In the beginning, Bennett also described his fishing as junk-fishing. He spent day one fishing deep, shallow and everywhere in between to bring in a limit weighing 11 pounds, 15 ounces.Duracell pro Michael Bennett just realizes he has won a million dollars.

He returned to the water on day two to “junk it up” again, and that’s when he discovered the treasure among the trash. At one point during the day on Friday, he moved shallow and began casting a Snag-Proof frog along docks and grass when he hit a stretch of bank that produced three 3-pound-plus bass.

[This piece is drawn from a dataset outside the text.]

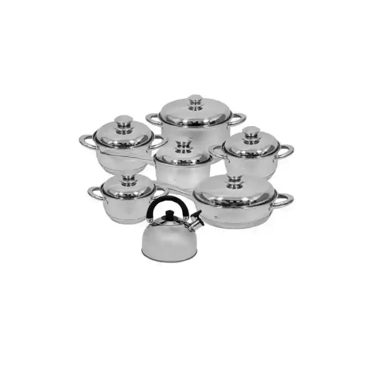 Bateria De Ollas Acero Quirurgico Hoffman Germany 13 Piezas La salud de tu familia es lo más importante y el material en el que preparas los alimentos es esencial, ya que muchas ollas corrientes de aluminio dejan residuos tóxicos en la comida, que aunque son mínimos pueden acumularse en el organismo y con el tiempo convertirse en desencadenantes de enfermedades. Por eso traemos para ti este excelente juego de ollas en acero inoxidable, fabricadas en el tipo de acero que se usa para la instrumentación quirúrgica garantizando que no desprenden ningún tipo de residuo mineral ni aloja microrganismos. Germany es una marca creada en Suiza con el objetivo de ofrecerle a sus clientes concepto y diseño en los productos de cocina, enfocándose en artículos que sean cómodos, fáciles de usar y duraderos, caminando siempre a la vanguardia de la innovación, distinguiéndose por su calidad en el mercado mundial. 100% acero quirúrgico inoxidable, con fondo difusor de aluminio hi-tech. Fino acabado con pulido brillante y tapa de acero inoxidable y control de presión en la misma tapa. Asas y mangos aislantes del calor, con protector para flama de acero inoxidable. Para ser utilizadas en todo tipo de cocinas. Compatible para todo tipo de cocinas. Cuerpo exterior durable CARACTERÍSTICAS PRINCIPALES 100% acero quirúrgico inoxidable Cuerpo exterior durable. COCINE DE MANERA SALUDABLE! MANTENIENDO LA CALIDAD Y LA PRESERVACION DE LOS NUTRIENTES DE LOS ALIMENTOS QUE PREPARAS. LAS OLLAS POSEEN NUEVE CAPAS EN SU BASE, QUE APROVECHAN Y DISTRIBUYEN DE UNA MANERA EFICIENTE LA COCCION. PUEDES COCINAR EN PIRÁMIDE UTILIZANDO VARIAS OLLAS A LA VEZ LO QUE TE PERMITE AHORRAR HASTA UN 40% DE ENERGIA. La bateria cuenta con un termo-difusor de calor que distribuye de manera uniforme el calor a toda la olla así la llama del fogón sea pequeña todas las piezas de las ollas son 100% acero quirurgico tanto las manijas como las tapas, CARACTERÍSTICAS: - Batería en acero quirúrgico - Tapas con escapes de vapor - Termo-Difusor de calor en la base - Apta para cocinar con cualquier estufa (gas, Induccion, halógena) EL JUEGO DE 13 PCS, CON CONTENIDO DE: 1-Olla de 16 cm con capacidad 1.8 litros con tapa 1-Olla de 16 cm con capacidad 1.8 litros con tapa 1-Olla de 18 cm con capacidad de 2.5 litros con tapa 1-Olla de 20 cm con capacidad de 3.4 litros con tapa 1-Olla de 24 cm con capacidad de 6.3 litros con tapa 1-Sartén de 24 cm con capacidad de 3 litros con tapa 1-Tetera

“And that’s when the light bulb went off,” Bennett explained. “Every one of those bites came from docks where the dock’s shade line intersected with the bank grass – that was the ticket. Those were the right components: where the dock met the edge of the grass in the dock’s shade.”

After finishing a limit on day two at about noon, and knowing he had made the cut, Bennett perhaps made the winning move of the tournament. He quit fishing for about an hour and just drove around the midsection of the lake, looking for the perfect combination of dock shade and grass lines for the finals. During that time, he did not fish – he simply drove around marking the likely looking spots.

“After I found several key areas to start on the next morning, I knew I had to get the deep-fishing notion out of my head,” Bennett explained. “So I spent the last couple of hours of day two fishing deeper with drop-shots and shaky heads. I had bites in practice doing that, so I wanted to make sure that pattern was dead. I never had a bite fishing that way on day two, and that’s when the shallow commitment started.”

Bennett’s weight of 15 pounds, 5 ounces on day two put him in the lead going into the final round where the weights started over. And when the new tournament started on day three with just 10 pros, Bennett started his tournament anew as well, armed with just a pair of frogs and a lot of trolling motor juice.

His primary frog was a Snag-Proof Frog in a color called “Fred,” named after BASS pro Fred Roumbanis, who won an Elite Series event on Murray in May with that very same frog.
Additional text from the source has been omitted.